Financial Data Parser is a Python CLI project for extracting financial indicators from Yahoo Finance.
The project parses a Yahoo Finance financials page, searches for a requested field, returns the extracted values, and includes additional tools for testing, profiling, and terminal-based performance visualization.
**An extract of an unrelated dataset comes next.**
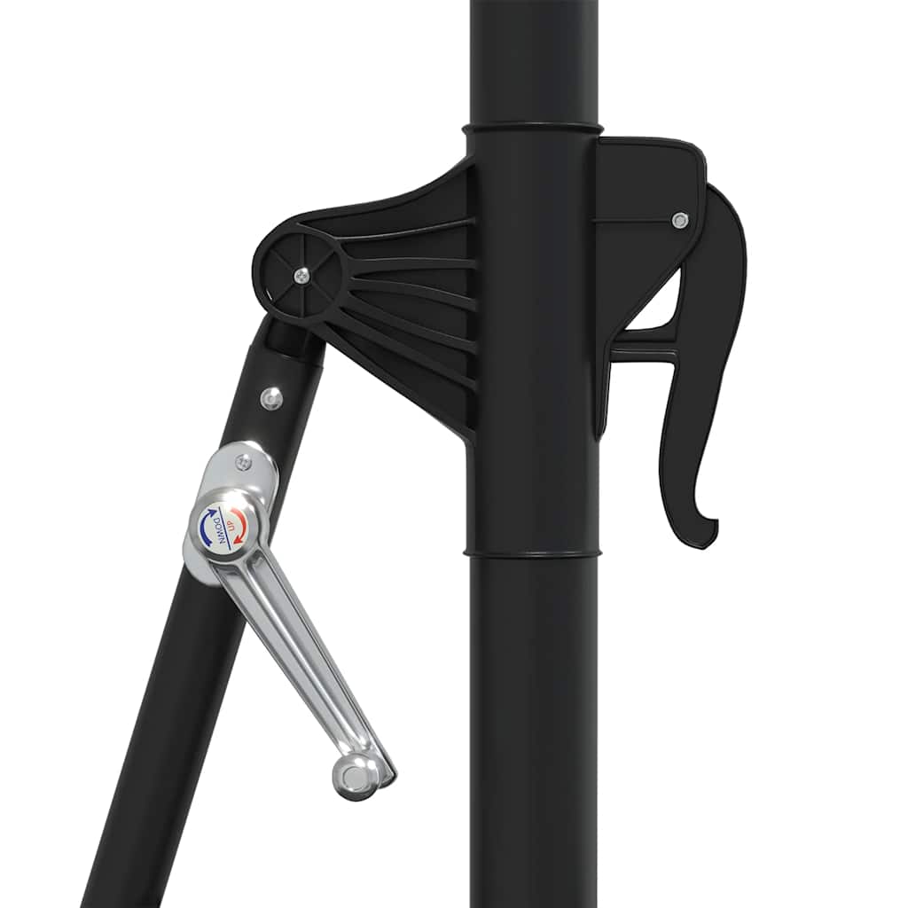 Parasollskjermen er laget av UV-beskyttende og anti-falmende polyester, som gjør den lett å rengjøre, og gir deg optimal beskyttelse mot solen. Den eksklusive utformingen av denne parasollen gir deg muligheten til å vippe parasollen for å blokkere solen når den går ned mot horisonten. Den sterke metallstangen, sammen med de 8 holdbare spilene, gjør parasollen veldig stabil og holdbar. Hageparasollen kan lett åpnes og lukkes takket være sveivemekanismen. Den er enkel å montere. Leveransen inkluderer også monteringsutstyr.

The main goal of this project is to demonstrate a complete workflow:
environment setup → data parsing → testing → profiling → performance analysis → visualization
- CLI interface for requesting financial data
- Yahoo Finance HTML parsing
- extraction of financial fields such as Total Revenue
- input validation and error handling
- virtual environment setup script
- pytest-based tests
- cProfile performance profiling
- conversion of profiling results into .dat files
- terminal visualization with termgraph
financial-data-parser/
├── data/
│ ├── profiling_calls.dat
│ └── profiling_time.dat
├── profiling/
│ ├── profiling-http.txt
│ ├── profiling-ncalls.txt
│ ├── pstats-cumulative.txt
│ └── stats.prof
├── screenshots/
│ ├── calls.png
│ └── time.png
├── scripts/
│ ├── build_termgraph_data.py
│ ├── pstats_top5.py
│ └── visualize.sh
├── tests/
│ └── test_finance_parser.py
├── .gitignore
├── finance_parser.py
├── main.py
├── README.md
├── README_RUS.md
├── requirements.txt
└── setup_env.py
- Python 3.x
- pip
Project dependencies are listed in requirements.txt:
- beautifulsoup4
- pytest
- termgraph
Create a virtual environment and install dependencies:
python3 setup_env.pyActivate the virtual environment:
source .venv/bin/activateRun the parser from the project root:
python3 main.py MSFT "Total Revenue"Example output:
('Total Revenue', '293,812,000', '281,724,000', '245,122,000', '211,915,000', '198,270,000')
Arguments:
- MSFT — ticker symbol
- Total Revenue — requested financial field
Entry point of the project.
It reads command-line arguments, calls the parser, and prints the result.
Contains the core parsing logic:
- builds Yahoo Finance URL
- sends HTTP request using urllib
- parses HTML using BeautifulSoup
- extracts the requested financial field
Creates a local virtual environment and installs dependencies from requirements.txt.
Contains tests for the parser.
Extracts useful profiling data and converts it into .dat files for termgraph.
Draws terminal charts from .dat files.
Reads stats.prof and prints the top functions sorted by cumulative time.
Run tests:
pytestThe tests check:
- that the parser returns a tuple
- that the first returned value matches the requested field
- that invalid ticker names raise an exception
- that invalid field names raise an exception
The project includes profiling results generated with cProfile.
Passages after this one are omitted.